Melbourne Holocaust Museum partners with the Jewish International Film Festival (JIFF) to provide audiences with meaningful connections to representations of the Holocaust in film.
This year’s program features two films exploring the experiences of Jewish partisans who fought back against the Nazis and their collaborators during the Holocaust. Below, our Head of Education Dr Simon Holloway provides more context to Four Winters and The Partisan with the Leica Camera showing in cinemas as part of the festival.
At some point during his incarceration in the Kovno Ghetto, Rabbi Ephraim Oshry was asked whether or not one is allowed to risk one’s life to join the partisans. Although he ruled that it was indeed permissible to do so, he prefaced his answer with a list of all of the risks that doing so entails.

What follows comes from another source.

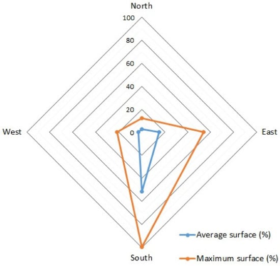 Due to the topographical characteristics of the area and its urban and architectural use, the predominant orientation of the visual basins of the dwellings belonging to the study area can be seen in Figure 4.
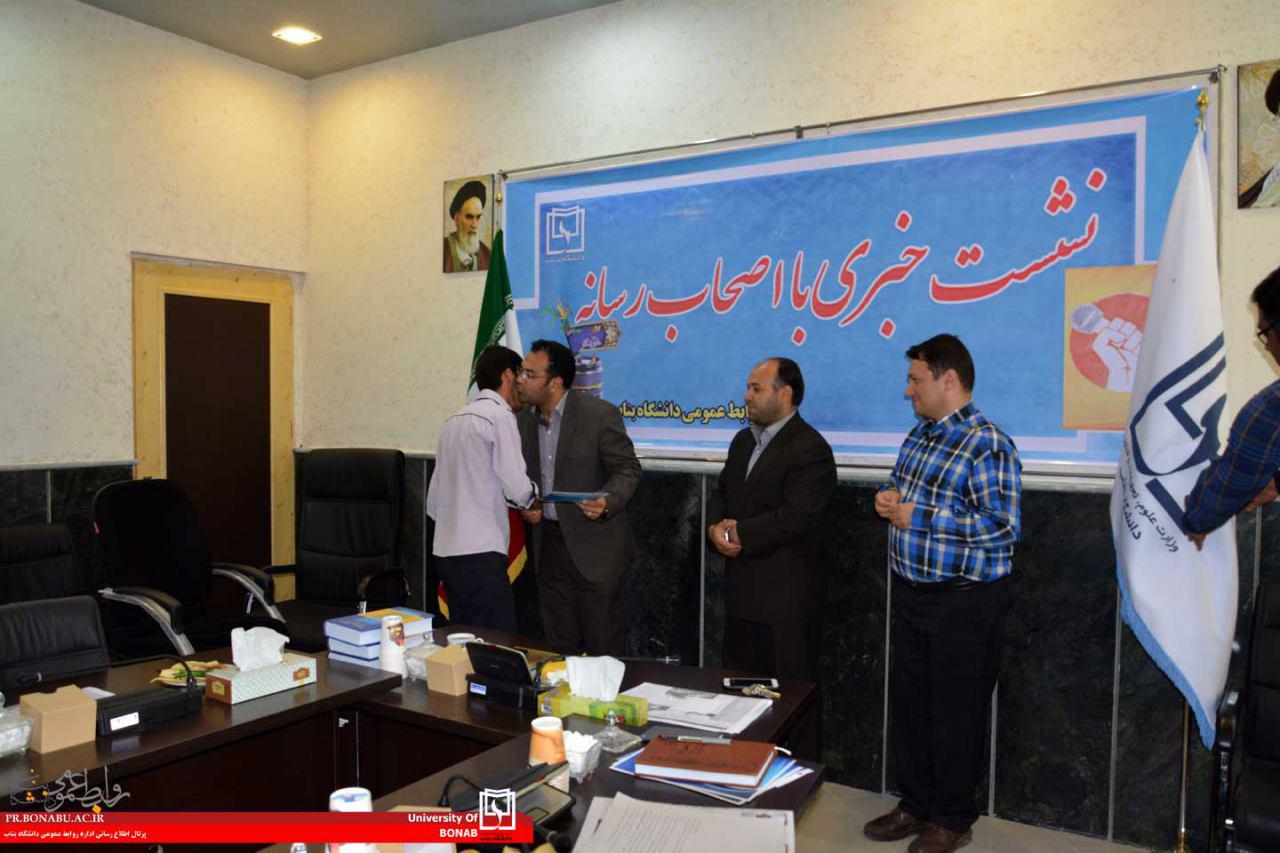 گفتنی است پس از پایان سخنان ریاست و هیات رئیسه دانشگاه بناب، مراسم تجلیل از خبرنگاران با اهدای لوح تقدیر و هدایایی، برگزار شد؛ سپس خبرنگاران با همراهی رئیس و اعضای هیات رئیسه از پروژه های عمرانی دانشگاه بازدید کردند.

For a start, leaving the ghetto in order to make one’s way to the forest was fraught with danger. The perimeter of the ghetto was constantly guarded, and Jews caught on the outside – especially if armed – were executed.
Secondly, there were members of the local population (in Rabbi Oshry’s case, the Lithuanians) who collaborated with the Germans, and who feigned an interest in assisting Jews escape in order to rob or abuse them before turning them over.
Thirdly, when encountering a band of partisans, one’s fortunes depended entirely on who they were. Jewish partisans, so long as you already had your own weapon, might be counted on to provide assistance, but local national groups in the woods were frequently antisemites. They fought against the German occupation, but in the process also murdered Jews.